Die meisten der damals zerschlagenen Bibliotheken haben sich bis heute nicht wieder erholt. Die traditionsreichen Fürstenschulen in Grimma und Meissen verfügen über keinen historischen Buchbestand mehr, die Carl-Alexander-Bibliothek in Eisenach besitzt nur noch ein Zehntel ihrer einstmals 60.000 Bücher, viele andere einst prächtige Bibliotheken fristen heute als gehobene Stadtbüchereien eine traurige Randexistenz. Die Aussichten, dass die betroffenen Bibliotheken ihre früheren Bestände zurückerhalten könnten, sind gering, weil in der Regel niemand nachvollziehen kann, wo sich ihre von der Zentralstelle verteilten oder vom Zentralantiquariat verkauften Bücher heute befinden. Ausserdem haben sie – im Gegensatz zu den durch die Bodenreform enteigneten Privatpersonen – rechtlich keinen Anspruch auf Rückgabe, denn gegen geltende Gesetze wurde nur in Einzelfällen verstossen.

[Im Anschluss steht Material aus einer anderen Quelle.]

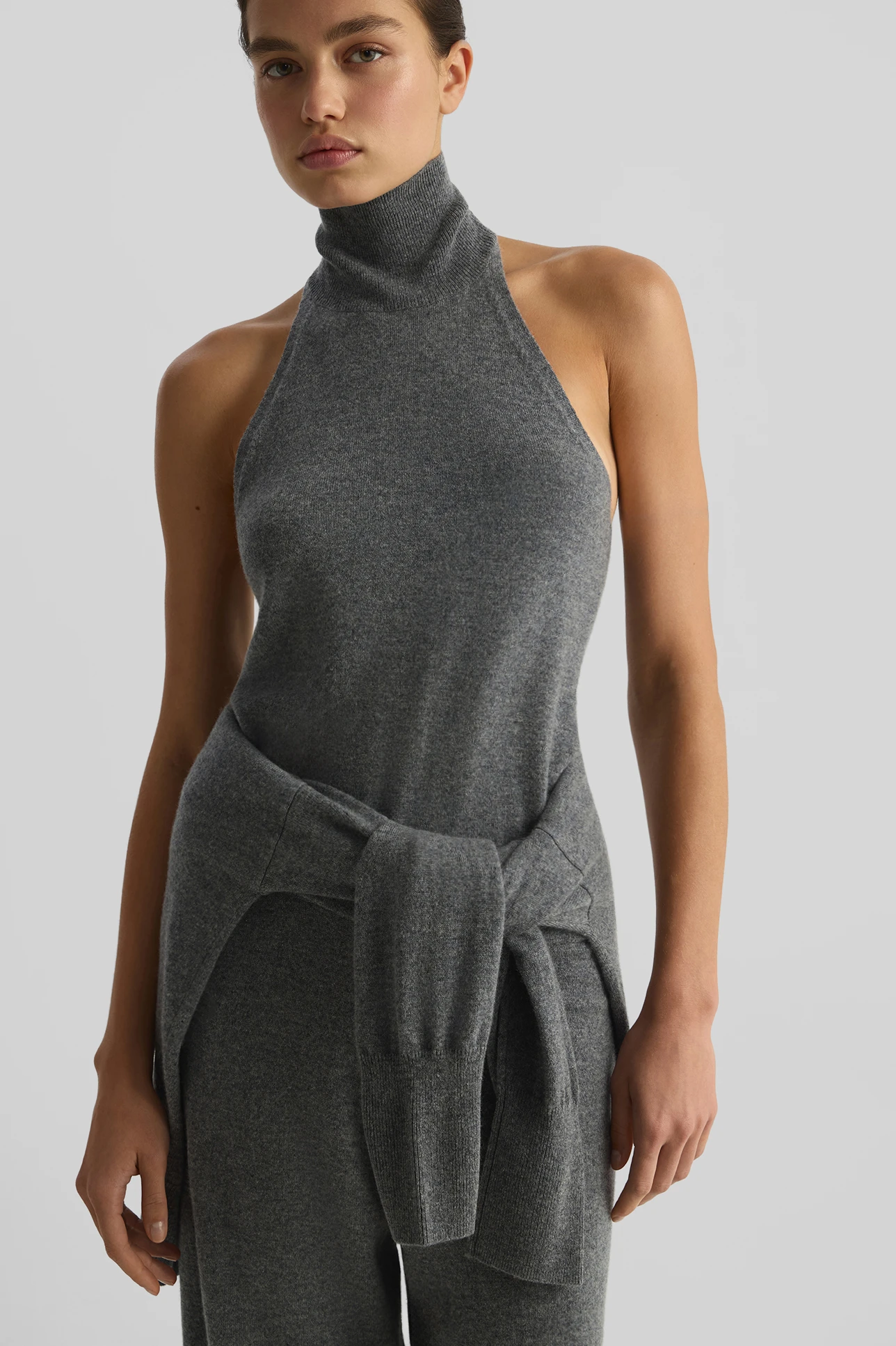 Топ-халтер из кашемира серого цвета
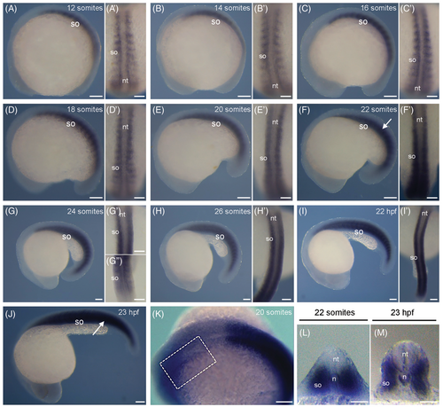 Fig. 2 Spatio-temporal expression of rbm24b transcripts during zebrafish development. (A–K) Lateral views, with anterior to the left, of whole-mount embryos from 10-somite stage to 24 hpf, showing rbm24b expression in the developing somites. (A′–I′) Dorsal views, with anterior to the top, of embryos shown in A-I, focused on the developing somites. (K) Weak rbm24b hybridization signal (outlined by dashed rectangle) can be observed in the heart area with prolonged incubation period for chromogenic reaction. (L) Transverse section of the embryo at 20-somite stage shown in F, at the level of somite (white arrow). (M) Transverse section of the embryo at 23 hpf shown in J, at the level of the somite (white arrow). So, somite; nt, neural tube; n, notochord. Scale bars: (A–K) 100 μm; (A′—I′, L, M) 50 μm.
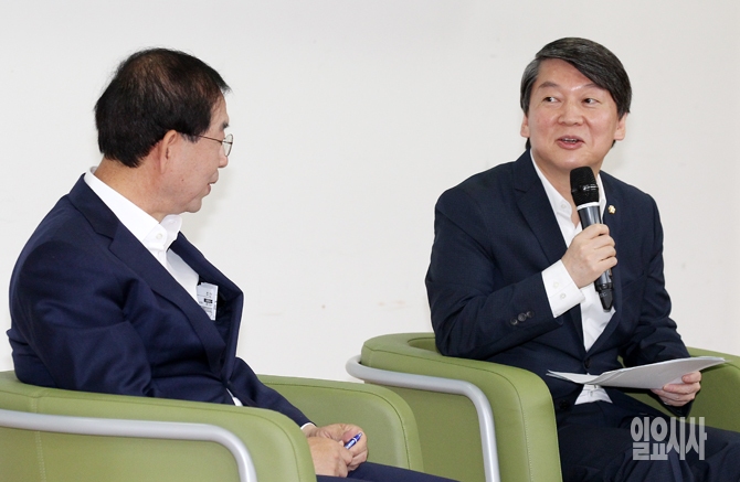 [포토] 박원순-안철수, '남북 경협 주제로 토론'

Dennoch bemüht man sich mancherorts, die Fehler der Vergangenheit wenigstens teilweise wieder gutzumachen. So hat die Sächsische Landesbibliothek in Dresden kürzlich 2100 alte Drucke an die Christian-Weise-Bibliothek in Zittau, die um 1980 herum rund 20.000 Bände hatte abgeben müssen, retourniert. Die Anhaltische Landesbibliothek in Dessau hat einen Teil ihrer historischen Bestände aus Halle zurückerhalten, und die Universitätsbibliothek Jena hat schon vor der Wende 184 Stahlblechkisten voller Bücher wieder nach Rudolstadt bringen lassen, 1992 dann auch den verbliebenen Rest, eine aparte Sammlung kleinformatiger Erotika. Die über das Zentralantiquariat in alle Welt verkauften Bücher jedoch sind für immer verloren.